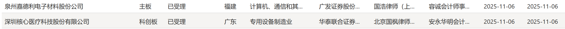 智通财经APP获悉,11月6日,上交所披露,泉州嘉德利电子材料股份公司(嘉德利)、深圳核心医疗科技股份有限公司(核心医疗)上交所IPO申请已获受理。 | 泉州嘉德利电子材料股份公司 | 主板 已受理 | 福建 | 计算机、i | | --- | --- | --- | --- | | 深圳核心医疗科技股份有限公司 | 科创板 已受理 | 广东 | 专用设备: | 据招股书,嘉德利是专注从事 BOPP 电工膜研发、生产和销售的国家级专精特新"小巨人"企业和高新技术企业,深耕 BOPP 电工膜领域超过 20 年,拥有丰 富且极具竞争力的产品储备矩阵。通过长期技术研发和工艺积累,公司在产品超薄化、耐高温和耐高压等关键技术指标方面不断取得突破,目前在不同规格 产品系列中,可分别实现 1.9µm 超薄膜、125℃超耐温膜、900V 超薄膜和 2,000V 特种脉冲薄膜等标志性产品的稳定量产,这些产品广泛应用在新能源汽 车、可再生能源、柔直输变电等新兴领域。 招股书显示,核心医疗是一家致力于提供更全面、更创新、更优质的人工心脏产品的创新医疗器械企业。截至招股说明书签署日,公司已布局 5 款植入式和 6 款介入式人工心脏产 ...
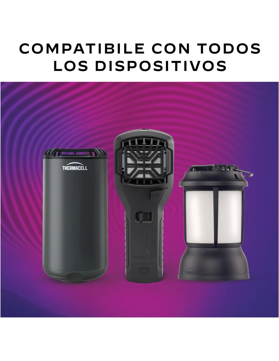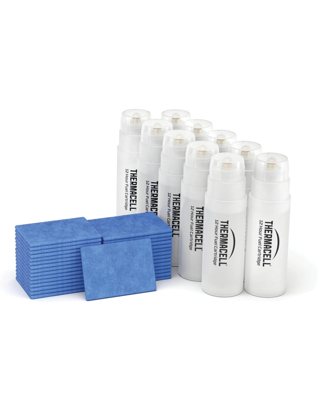El paquete incluye 10 cartuchos de gas butano x 12 horas (120 horas) y 30 pastillas inodoras, compatibles con todos los dispositivos Thermacell.
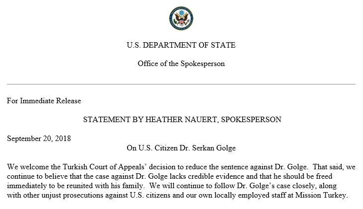 Αμέσως το Στέιτ Ντιπάρμεντ καλωσόρισε την είδηση με δήλωση της εκπροσώπου, Heather Nauert.
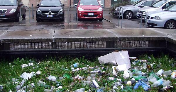 Più che aiuole, discariche. Spettacolo indecoroso quello che offre la Corte degli archi, la piazzetta lungo via IV Novembre sui cui si affacciano attività commerciali e locali notturni. Ed è proprio il 'popolo della notte' il principale indiziato: l'area, da anni uno dei principali ritrovi per i giovani, esce infatti 'malconcia' da ogni finesettimana. Le aiuole ricavate all'interno dei gradoni di cemento, utilizzati dai ragazzi per sedersi e socializzare, ospitano di tutto: bicchieri di plastica, bottiglie vuote, cartacce, pacchetti di sigarette. Rifiuti che a volte non vengono rimossi per giorni, come è capitato per esempio questa settimana: oggi la piazzetta è ancora sommersa dall'immondizia accumulata nelle notti di venerdì e sabato. Inevitabile il malcontento dei residenti, peraltro già stressati dall'immancabile chiasso che accompagna tutte le notti dei weekend.
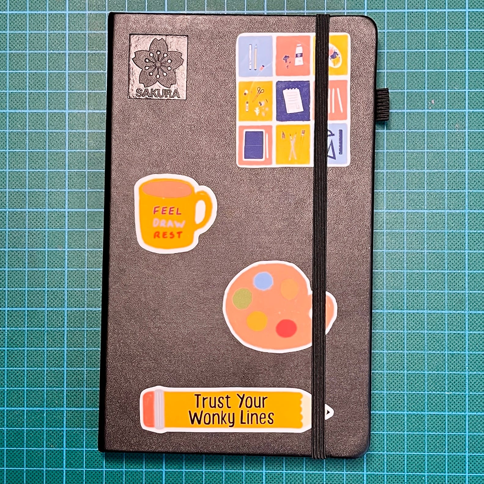 Puis j’ai préparé le nouveau sketchbook qui sera consacré à Mon Journal Dessiné, choisi un autocollant pour la couverture et j’ai décoré la page de garde, en attendant 22h pour la session BATWRITE #25 ou Beth Spencer était l’invitée de Alex Dobrenko`.

◆ **AIM OF THE EXERCISE**
Omit the pictures and copy the records above exactly.

◆ **RESPONSE TO THE EXERCISE**
 智通财经APP获悉,11月6日,上交所披露,泉州嘉德利电子材料股份公司(嘉德利)、深圳核心医疗科技股份有限公司(核心医疗)上交所IPO申请已获受理。 | 泉州嘉德利电子材料股份公司 | 主板 已受理 | 福建 | 计算机、i | | --- | --- | --- | --- | | 深圳核心医疗科技股份有限公司 | 科创板 已受理 | 广东 | 专用设备: | 据招股书,嘉德利是专注从事 BOPP 电工膜研发、生产和销售的国家级专精特新"小巨人"企业和高新技术企业,深耕 BOPP 电工膜领域超过 20 年,拥有丰 富且极具竞争力的产品储备矩阵。通过长期技术研发和工艺积累,公司在产品超薄化、耐高温和耐高压等关键技术指标方面不断取得突破,目前在不同规格 产品系列中,可分别实现 1.9µm 超薄膜、125℃超耐温膜、900V 超薄膜和 2,000V 特种脉冲薄膜等标志性产品的稳定量产,这些产品广泛应用在新能源汽 车、可再生能源、柔直输变电等新兴领域。 招股书显示,核心医疗是一家致力于提供更全面、更创新、更优质的人工心脏产品的创新医疗器械企业。截至招股说明书签署日,公司已布局 5 款植入式和 6 款介入式人工心脏产 ...
El paquete incluye 10 cartuchos de gas butano x 12 horas (120 horas) y 30 pastillas inodoras, compatibles con todos los dispositivos Thermacell.
 Αμέσως το Στέιτ Ντιπάρμεντ καλωσόρισε την είδηση με δήλωση της εκπροσώπου, Heather Nauert.
 Più che aiuole, discariche. Spettacolo indecoroso quello che offre la Corte degli archi, la piazzetta lungo via IV Novembre sui cui si affacciano attività commerciali e locali notturni. Ed è proprio il 'popolo della notte' il principale indiziato: l'area, da anni uno dei principali ritrovi per i giovani, esce infatti 'malconcia' da ogni finesettimana. Le aiuole ricavate all'interno dei gradoni di cemento, utilizzati dai ragazzi per sedersi e socializzare, ospitano di tutto: bicchieri di plastica, bottiglie vuote, cartacce, pacchetti di sigarette. Rifiuti che a volte non vengono rimossi per giorni, come è capitato per esempio questa settimana: oggi la piazzetta è ancora sommersa dall'immondizia accumulata nelle notti di venerdì e sabato. Inevitabile il malcontento dei residenti, peraltro già stressati dall'immancabile chiasso che accompagna tutte le notti dei weekend.
 Puis j’ai préparé le nouveau sketchbook qui sera consacré à Mon Journal Dessiné, choisi un autocollant pour la couverture et j’ai décoré la page de garde, en attendant 22h pour la session BATWRITE #25 ou Beth Spencer était l’invitée de Alex Dobrenko`.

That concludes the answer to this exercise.